Not sure what all this pre-occupation with water is all about. Water is probably the easiest consumable to source when you are off the grid.

I carry a 30 gallon water bladder in the RV. Folded up it takes up little space when not in use. I also carry a small pump that is driven by an electric hand drill. When I need more water I can normally find some then fill up the bladder in the back of the truck, bring it back to the RV then pump it into the RV.

https://www.amazon.com/dp/B009MU64Y0?tag=rvf01-20

Gray water is next, which for most campers is simply shower water. Shower water is not a hazard. Many who boondock take outside showers by the side their RV. In a remote area there is no reason gray water cannot be used to water the vegetation.

Now we are down to black tank. I have found with careful attention to your "flushing habits" the black water tank can be conserved for a long time.

So I would submit the black tank may be the real limiting factor for extended off grid stays, since there are fewer options to dispose of that waste, versus gray water or sourcing fresh water.

There is an option for the black tank that only the LightShip is configured to support: electric incinerating toilets. I have suggested LightShip put that feature on the new options road map. An electric incinerating toilet does away with the entire black tank. These toilets incinerate solid waste and vaporize liquid waste. It takes about 1.5 kW for a "flush". But some toilets have enough capacity to handle a day or so of cummulative waste before initiating the "flush". These toilets cost between $4k and $6k and run off the 240 volt circuit (NEMA 14-50). I think they could also be engineered to recoup the residue heat generated to offset the kW draw of the hot water tank.
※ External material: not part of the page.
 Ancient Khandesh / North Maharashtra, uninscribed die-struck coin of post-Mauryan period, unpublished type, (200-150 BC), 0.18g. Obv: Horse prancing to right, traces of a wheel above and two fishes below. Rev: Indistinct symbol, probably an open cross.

Because of the large battery in the LightShip it is a perfect RV to be the first to eliminate the black tank. They would require extra engineering to satisfy the ventilation requirements for incineration because of the moveable canopy.

 

[turbopilot]

I completed a 300 mile trip to day in Arizona towing the LightShip 4. For this trip I used the LightShip battery only with the air conditioner running while in motion. For this leg I did not hook up the NACS port to the Powerboost, I just ran on battery alone. The solar panels were active satisfying all 12 volt demand while taking the 12 Renogy battery up to 100% SOC.

I departed with the high voltage battery at 93% SOC and arrived at 84% SOC, so I consumed about 7 kW on the trip over the 300 mile trip, mostly supporting the HVAC unit that was set at 73F. I was seeing nominal demand around 600 to 900 watts. Outside temperatures were in the mid 70's during most of the trip.
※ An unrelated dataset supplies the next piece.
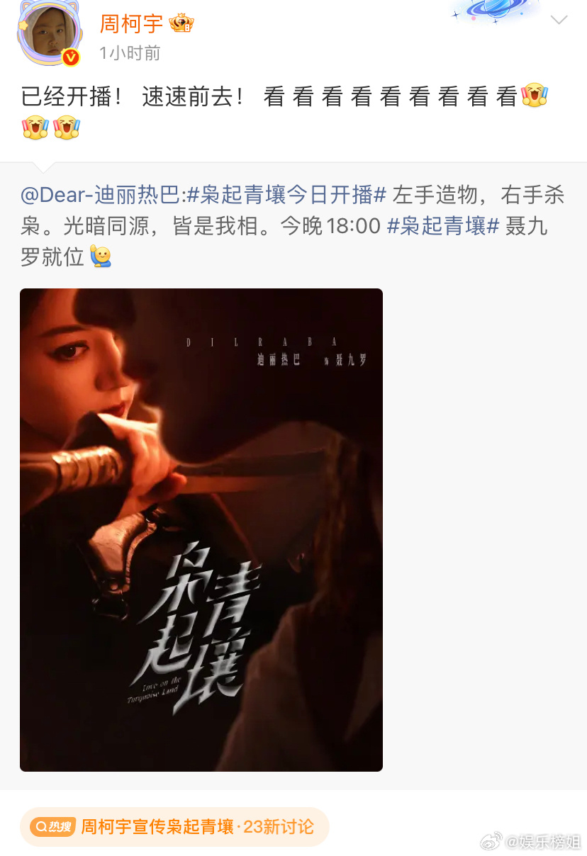 周柯宇宣传迪丽热巴《枭起青壤》!"已经开播! 速速前去! 看 看 看 看 看 看 看 看 看" 在看了,在看了,很好看👀巴姐演技超好的都来看

On a 100 mile segment beginning and ending at sea level, with light winds and a speed target of 62 MPH the fuel economy was 16.7 MPG. I never used TrekDrive on this trip.

The LightShip tows very well. Compared to the Airstream it feels like you always have a strong wind at your back. When I let off the accelerator there is no sudden deceleration like a feel with the Airstream because of all the wind resistance pushing on the Airstream

I also feel much more comfortable towing at higher speeds with the LightShip. With the Airstream I felt uncomfortable going more then 62 MPH. Today with the LightShip I found my cruise speeds feeling natural up to around 70 MPH.
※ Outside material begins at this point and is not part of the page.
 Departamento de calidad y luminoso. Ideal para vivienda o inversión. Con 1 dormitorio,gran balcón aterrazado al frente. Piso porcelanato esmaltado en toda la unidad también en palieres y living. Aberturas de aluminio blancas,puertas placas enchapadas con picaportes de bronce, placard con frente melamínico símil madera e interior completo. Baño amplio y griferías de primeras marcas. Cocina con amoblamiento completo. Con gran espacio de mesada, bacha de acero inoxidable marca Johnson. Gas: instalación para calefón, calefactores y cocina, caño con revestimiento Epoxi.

And the heads were turning at the gas stations. It is interesting to watch people when they first see the LightShip. I think many people are trying to process what the machine is at first glance.

 

[Neal]

Does LS have a web portal that allows you to monitor the electricals like Victron's VRM? Also something LS could use to collect data if customers allowed?